Parameter Update: 2025-4

"everybody gets o1" edition

Parameter Update: 2025-4

Welcome to what I am tentatively calling Parameter Update. It is a place for me to dump all the possibly-interesting things I encounter during the week to summarize them for myself and my work friends.

DeepSeek R1

If anyone was still under the illusion that limiting access to GPUs would be an effective measure to prevent China from building an o1-level model after Berkeley made one for $450, they should now be fully disabused of that notion.

While I remain sceptical of claims that R1 is a side hustle (have you seen the list of authors on the paper?), the 95% cost decrease in both training and inference - made possible by genuine RL innovation, not a Chinese psyop (lol) - compared to o1 is an incredible achievement that has unlocked a veritable explosion of new cool stuff. The fact that they open sourced all of it really is the cherry on top, which means that this is the new baseline now.

Some of the coolest things I've seen this week:

OpenAI

Stargate Project

Ironically announced just one day before DeepSeek came out running with R1, the project rivals the Manhattan Project in percentage of US GDP. It must be noted this is mostly non-governmental at this point, though Trump did pose for a photo-op. Interestingly enough, it seems this might have kicked off some drama, with Musk and Altman feuding in the replies:

Quickly followed by Nadella clearing things up from his end:

Operator

In other OpenAI news, we finally got our proverbial hands on OpenAIs first real agent product (I'm not counting their Swarm framework from late last year or Tasks from last week).

Operator is an AI model based on GPT-4o (actually a new model, not just a new UI!) that can independently operate a sandboxed web browser to complete various actions on your behalf. It crushes other VLM-based approaches, but still falls short of humans at the majority of tasks. It's also potentially vulnerable to some new forms of jailbreaks.

Apart from some of the compute-considerations (20min limit to tasks,...), what I find particularly interesting is the large rift between the way OpenAI is packaging this (preview, limited to Pro subscription) vs. how Anthropic announced Computer Use a few months ago (API changes with a ready-made Docker image to use them).

Honestly, I might be lacking the necessary creativity to think of why most people would be willing to shell out $200 for what is being offered right now. At the same time, I am fascinated about what is essentially the first move OpenAI has made away from having their models interface with ready-made APIs and what these capabilities signal about future use cases enabled by a combination of o3, memory, Search, RAG,... - and I'm looking forward to experimenting when it inevitably comes to Plus tier later on.

o3-mini

In what seems like a direct response to R1, Altman has announced that o3-mini will be available to Free Users, with Plus subscribers getting 100 queries per day. Pro subscribers, on the other hand, will be getting (broader? sole?) access to o3 when it launches later this year.
While the latter matches up with my expectations given the enormous compute requirements of full o3 (OpenAI spend half the DeepSeek v3 training cost on a single benchmark run), I am surprised they are willing to expend the compute it'll take to roll out a TTC model to free-tier users - it really seems like scaling SSP is no longer a priority for them.

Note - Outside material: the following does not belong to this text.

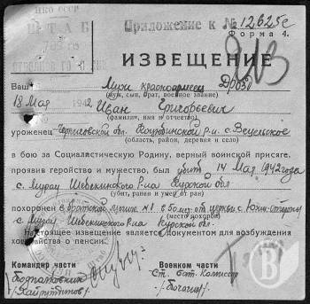 Працівники військових комісаріатів в 50-х – 80-х роках ХХ ст. в ході кропіткої роботи по вивченню тоді засекречених архівних документів знаходили свідчення однополчан і відновлювали справжні обставини загибелі земляків, як вважались безвісти зниклими. Нині, вивчаючи документи ЦАМО, маємо унікальну можливість уточнити раніше отримані родичами повідомлення про долю червоноармійця і навіть місце його поховання.

Google: Gemini 2.0 Flash Thinking Experimental 01-21

Despite their model names being somehow the worst of the bunch, DeepMind has been on a roll lately when it comes to actually shipping stuff. While R1 has stolen most of the thunder of this launch, using this model in AI Studio has been a really good experience this week, as it is (to my knowledge) the first TTC model directly usable with Code Execution (if you don't count o1 now supporting Canvas). One million tokens context limit also don't hurt - nice!

Perplexity

Sonar APIs

After neglecting their APIs for the longest time to focus on more important matters like buying Tiktok, it seems that Aravind Srinivas has finally woken up to the reality of Google (with their Search Grounding) and other competitors catching up to their product. In response, Perplexity has rolled out two new models in their API:

  • Sonar, promoted as being "great for everyday questions"
  • Sonar Pro, billed as "state-of-the-art factuality"

I remain sceptical of Perplexity due to their rapid, short-term deprecation of old models and IMO outrageous $9 Billion valuation (lol), but this seems like a very solid step towards building better search products. The majority of my slightly more tricky prompts still failed to produce usable results though.

Assistant

As a complete surprise (to me anyway), came the launch of Perplexity Assistant - a drop-in replacement to Google's Gemini Assistant on Android.

I'm not sure, I get the product reasoning behind this - Perplexity is a much smaller competitor, now fragmenting their product to compete on Google's home turf. While I love Perplexity's design language, it is unsurprising that providing feature parity with the many smaller integrations Google has to build may prove difficult. On the other hand, it seems (from the outside in) like Google's assistant offering is at a bit of a pivotal moment as well, so now may be the best time for them to gain some foothold in this market. And with Apple prioritizing Controls APIs as part of their Apple Intelligence push (and being forced to allow switching standard apps due to the EU DMI), even a cross-platform product may be feasible.